## INSTRUCTIONS TO FOLLOW
Starting at the first line of the listing below, repeat each line up to and including the one containing "Schönes Kotelett mit". Leave out pictures.

┌─ DATA EXCERPTS

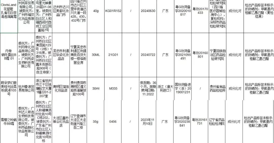 除了染發(fā)劑和防曬霜,此次因成分對(duì)比不合格被通報(bào)的產(chǎn)品還有BB霜,隔離霜以及粉底液。
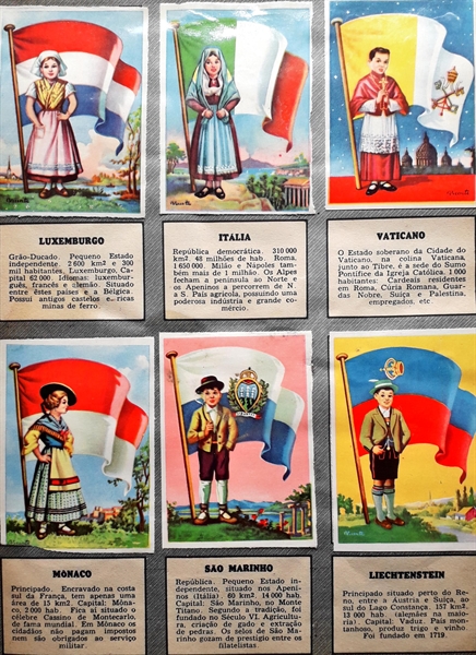 Falta o cromo número 71 Bandeiras e trajes de todos os países. Colecção figurinhas, EBAL, Lombada com rasgo, interior bom.
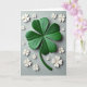 This card features a large four-leaf clover centered on a cool grey background, its emerald green leaves shaped like soft hearts that lean toward each other like close friends 💚. Each leaflet has a gentle sheen and clear veins, giving it a sculpted look without feeling stiff. Around the clover, small white four-petal blossoms float in different sizes, like little notes of affection scattered nearby ☘️. The flowers have a smooth, porcelain-like surface, and each one holds a tiny golden-yellow stamen that adds a warm spark to the cooler scene. Soft, diffused light falls across everything, creating faint, stretched shadows that make the clover and blooms seem to hover just above the surface. The greeting “Happy St. Patrick’s Day” sits near the top in green lettering, with a smaller line beneath it in light grey that feels quietly intimate. The final look is a centered emerald clover surrounded by white blossoms with yellow dots, all set against a calm grey field with delicate shadows.
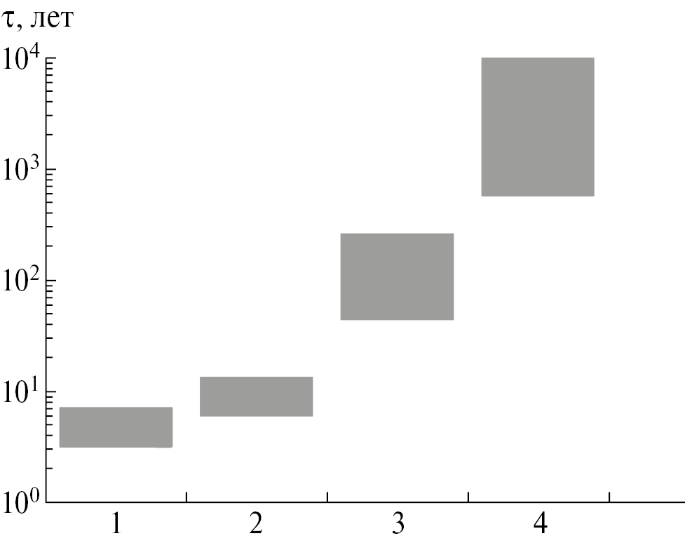В геохимических задачах часто для оценки временного масштаба отклика используется соотношение между запасом C вещества в данном резервуаре системы и интенсивностью F выводящего потока из этого резервуара [8–12]:
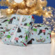 Les mignons Schnauzers de Noël avec sel et poivre et les manteaux noirs et argentés portent des chapeaux de Père Noël, des bois et des chandails de Jacquard sur un arrière - plan bleu avec des ornements épars.
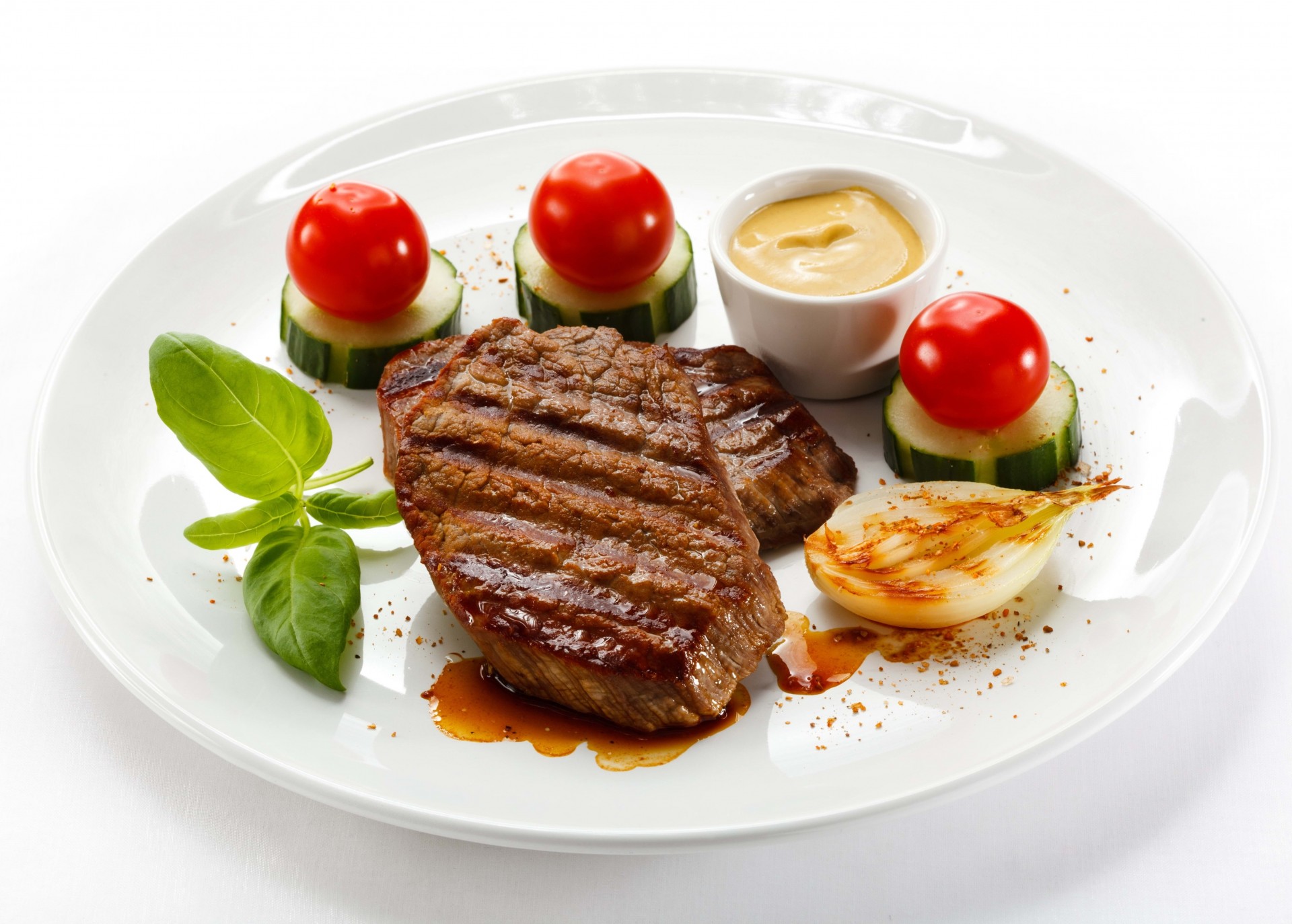 Schönes Kotelett mit einem Blatt und einer Gurke
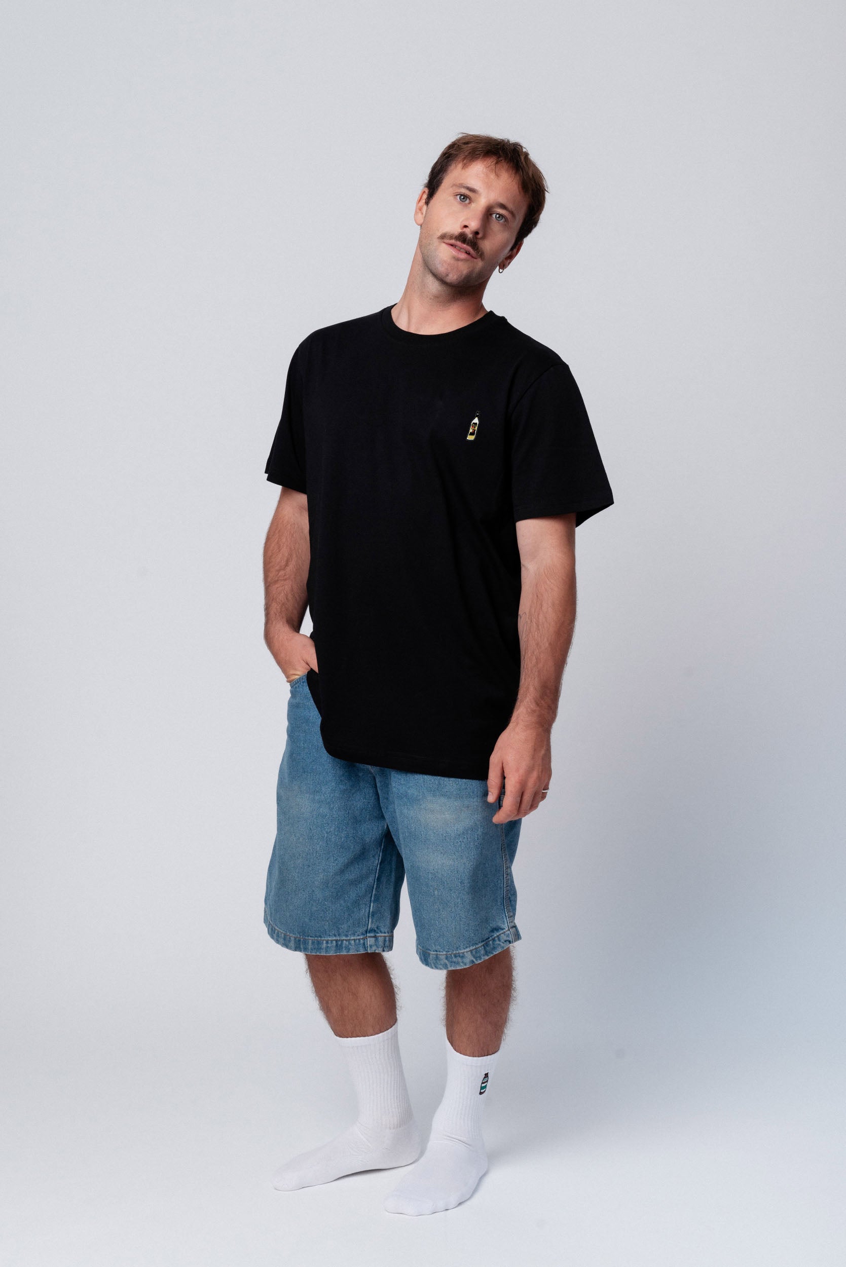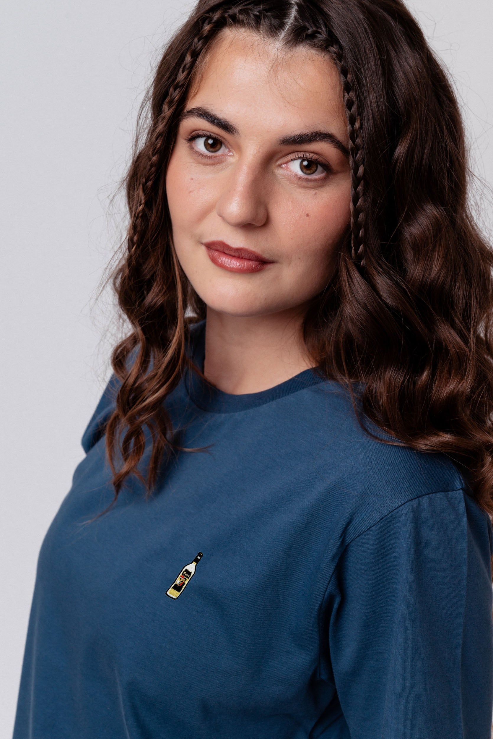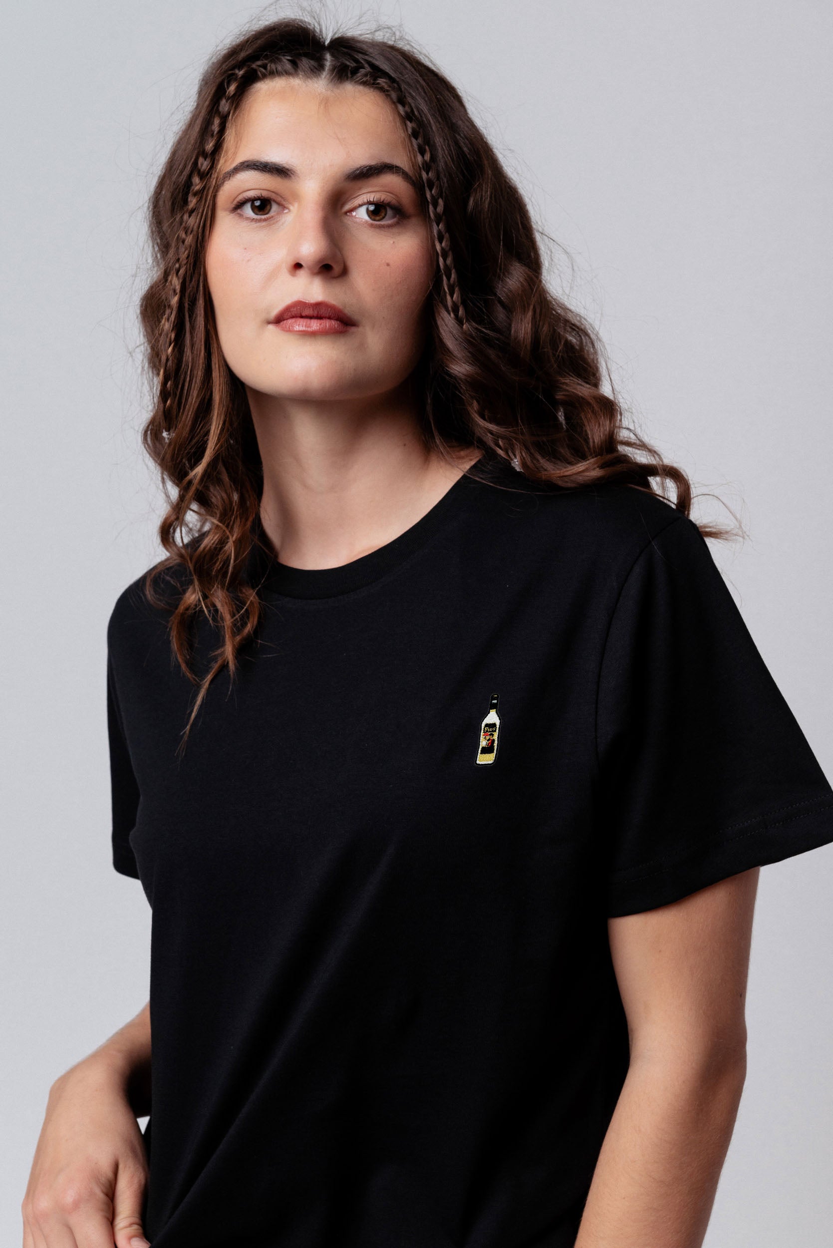 Besticktes Bio Baumwoll Unisex T-Shirt mit schwerem Stoff (190gsm) und gesticktem offiziellem Original Fies Schwarzwälder Kirschwasser Design
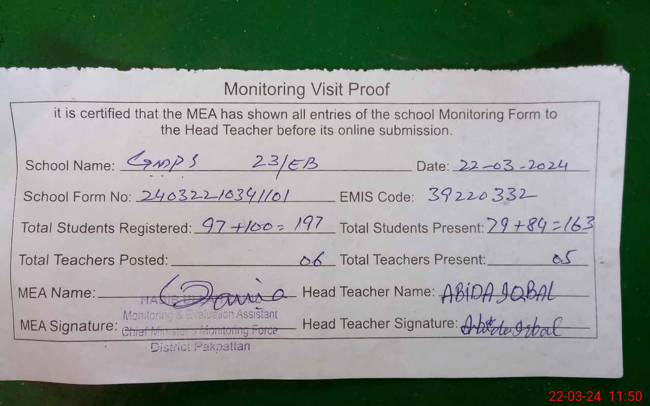| EMIS Code: 39220332 | Name of School: GMPS CHAK NO. 23 EB | |||
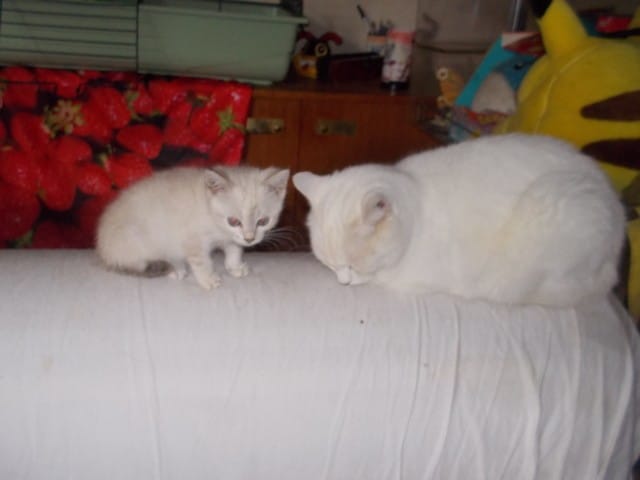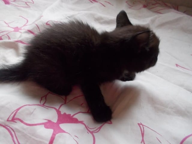 Pétale a un début de vie difficile en plus le coryza qui arrive. Pétale c'est une combattante.Si au début le restant de ma famille féline la rejetait.Maintenant elle est acceptée.
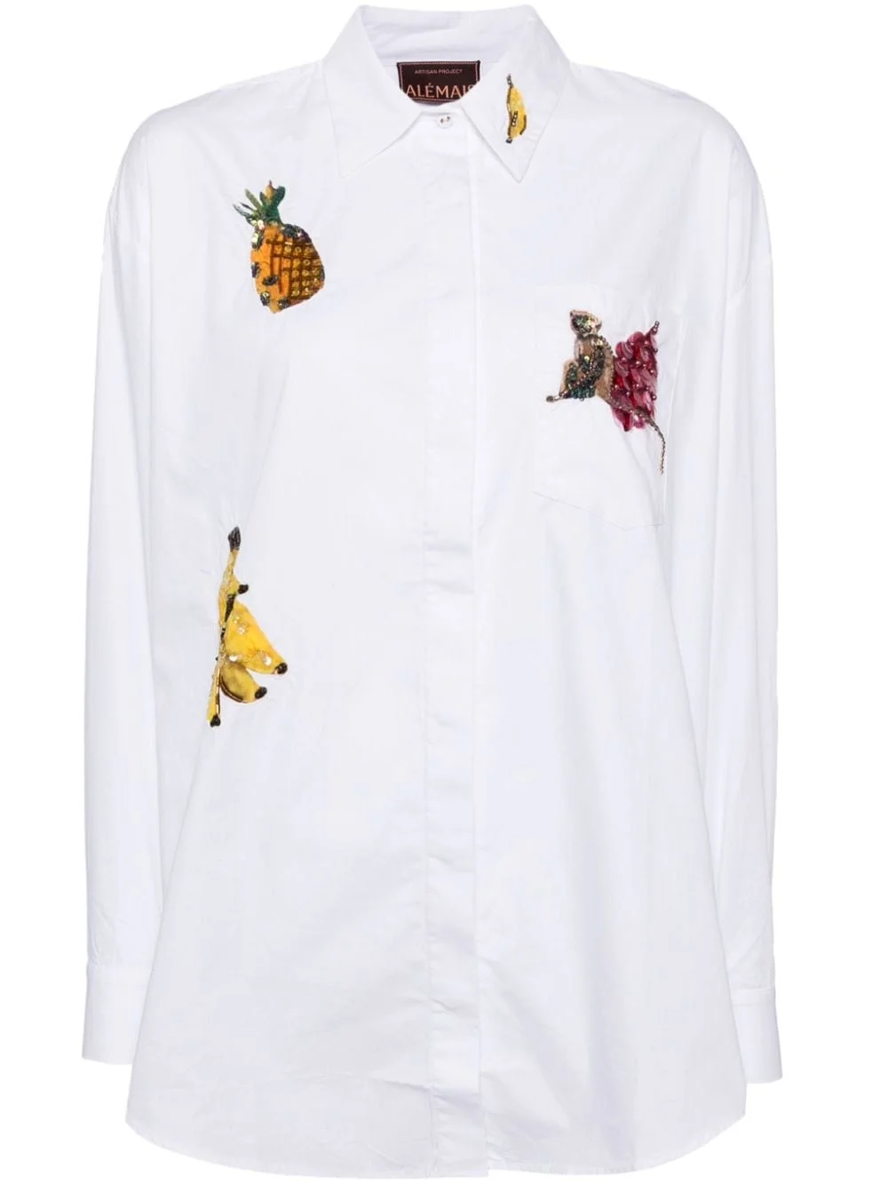 Diamond Dancer shirt Highlights - White - Cotton - Front button fastening - Sequin detailing - Patchwork design - Chest patch pocket - Long sleeves - Buttoned cuffs - Curved hem Imported Composition Cotton 100% SIZE & FIT Model measurements Height 5 ft 9 in(1.76 m) Bust/Chest 31.1 in(79 cm) Hips 35.03 in(89 cm) Waist 24.4 in(62 cm) FittingInformation Designed for a relaxed fit, this piece allows for comfort and movement when worn Made from a midweight non-stretch fabric
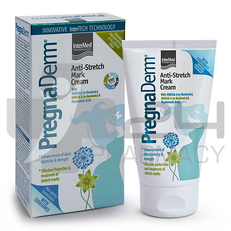Η Pregnaderm Anti-stretch mark cream χάρη στην τεχνολογία InterTECH και τον μοναδικό συνδυασμό βιοδραστικών συστατικών & δερμοκοσμητικών βοτάνων, συμβάλει αποτελεσματικά στην πρόληψη της εμφάνισης των ραγάδων αλλά και στην αντιμετώπιση αυτών, που μπορεί να εμφανίζονται στην περιοχή της κοιλιάς, του στήθους, των μηρών και των γλουτών ενισχύοντας παράλληλα την ελαστικότητα & την αντοχή του δέρματος.
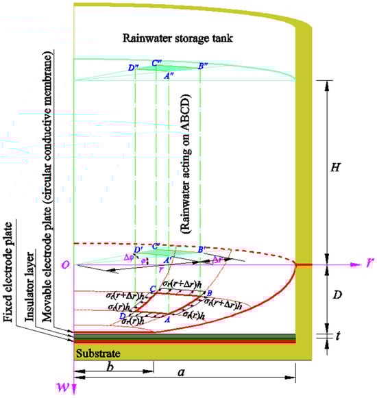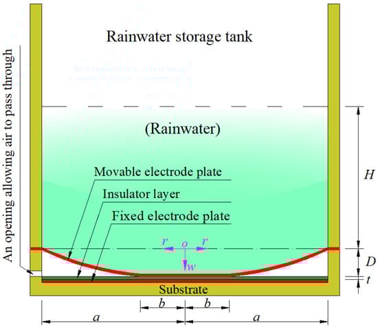 The elastic behavior of the moveable electrode plate (circular conductive membrane) in contact with the insulator layer on the fixed electrode plate under the action of the rainwater in the rainwater storage tank can be mechanically simplified as a plate/membrane contact problem wherein an initially flat, peripherally fixed circular membrane comes into frictionless axisymmetric contact with a rigid thin plate under the action of non-uniformly distributed transverse loads. It can be seen from Figure 2 that the rainwater in the rainwater storage tank, as transverse loads acting on the circular membrane, is distributed axisymmetrically, although non-uniformly, on the deflected circular membrane. Therefore, the distribution of the rainwater in the rainwater storage tank is only related to the radial coordinate r, and has nothing to do with the circumferential coordinate φ.
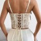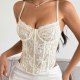 This elegant cream-colored bustier features delicate floral lace over base, creating a sophisticated and feminine look. Designed with adjustable spaghetti straps for a custom fit, it offers both style and comfort. The back showcases a classic lace-up closure with ribbon ties, allowing you to cinch the waist for a flattering silhouette. Perfect for pairing with high-waisted skirts or trousers for a chic evening outfit.
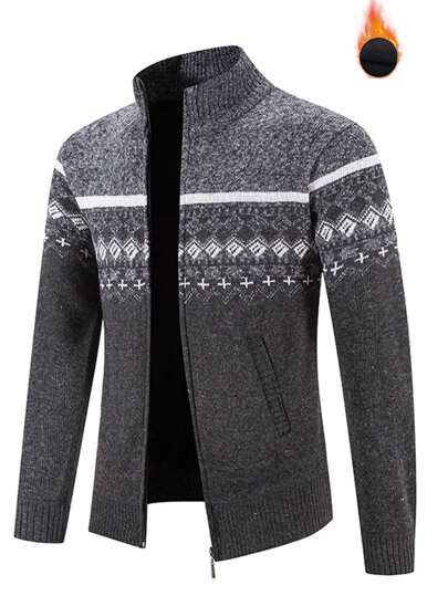 男士几何图案拉链开衫,透气抗菌 - 黑色 - 查看 1
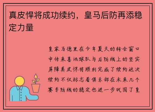 皇家马德里在今年夏天的转会窗口中传来喜讯,球队与后防线上的坚实屏障——“真皮悍将”顺利完成了续约。这次续约不仅标志着俱乐部在未来几个赛季防线的稳定,也进一步巩固了皇马在国内外战场上的竞争力。随着欧洲足坛竞争愈发激烈,皇马能够保住这样一位经验丰富且实力出众的后防核心,无疑是一大利好消息。
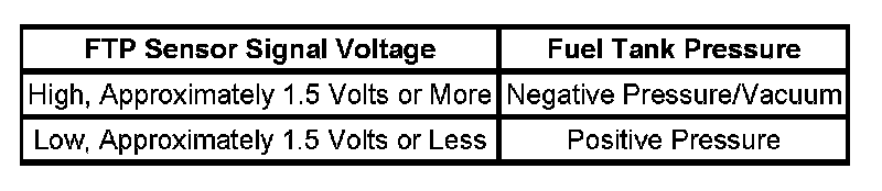 The table illustrates the relationship between the FTP sensor signal voltage and the EVAP system pressure/vacuum.
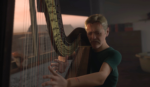 Thure Lindhardt spiller hovedrollen som den hidsige harpespiller David, og hans animerede ”jeg” ligner skuespilleren til forveksling. Han afskærer sig fra omverdenen, helliger sin tid til musikken og irriteres af sine medmennesker på Zoom, mens bomber sprænger udenfor.
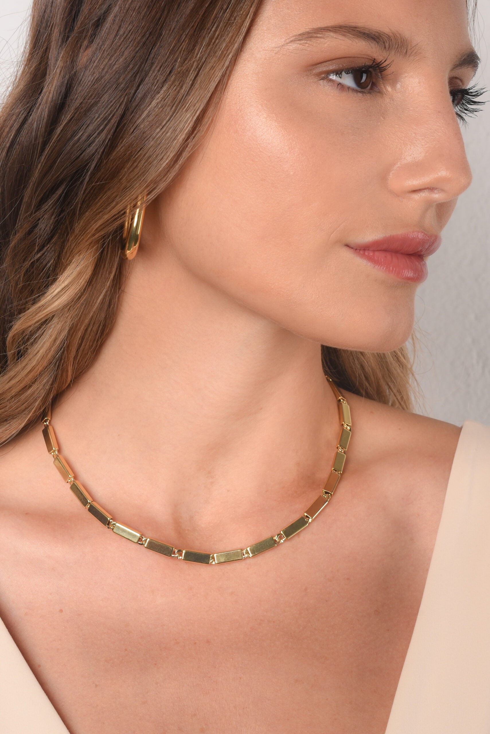 The solid polished rectangle links of this necklace exude an aura of elegance, making it the perfect choice for those special occasions when you want to shine. The Los Angeles necklace is the ultimate piece to effortlessly transition from formal events to everyday wear.

└─

## ANSWER BELOW
 除了染發(fā)劑和防曬霜,此次因成分對(duì)比不合格被通報(bào)的產(chǎn)品還有BB霜,隔離霜以及粉底液。
 Falta o cromo número 71 Bandeiras e trajes de todos os países. Colecção figurinhas, EBAL, Lombada com rasgo, interior bom.
 This card features a large four-leaf clover centered on a cool grey background, its emerald green leaves shaped like soft hearts that lean toward each other like close friends 💚. Each leaflet has a gentle sheen and clear veins, giving it a sculpted look without feeling stiff. Around the clover, small white four-petal blossoms float in different sizes, like little notes of affection scattered nearby ☘️. The flowers have a smooth, porcelain-like surface, and each one holds a tiny golden-yellow stamen that adds a warm spark to the cooler scene. Soft, diffused light falls across everything, creating faint, stretched shadows that make the clover and blooms seem to hover just above the surface. The greeting “Happy St. Patrick’s Day” sits near the top in green lettering, with a smaller line beneath it in light grey that feels quietly intimate. The final look is a centered emerald clover surrounded by white blossoms with yellow dots, all set against a calm grey field with delicate shadows.
В геохимических задачах часто для оценки временного масштаба отклика используется соотношение между запасом C вещества в данном резервуаре системы и интенсивностью F выводящего потока из этого резервуара [8–12]:
 Les mignons Schnauzers de Noël avec sel et poivre et les manteaux noirs et argentés portent des chapeaux de Père Noël, des bois et des chandails de Jacquard sur un arrière - plan bleu avec des ornements épars.
 Schönes Kotelett mit einem Blatt und einer Gurke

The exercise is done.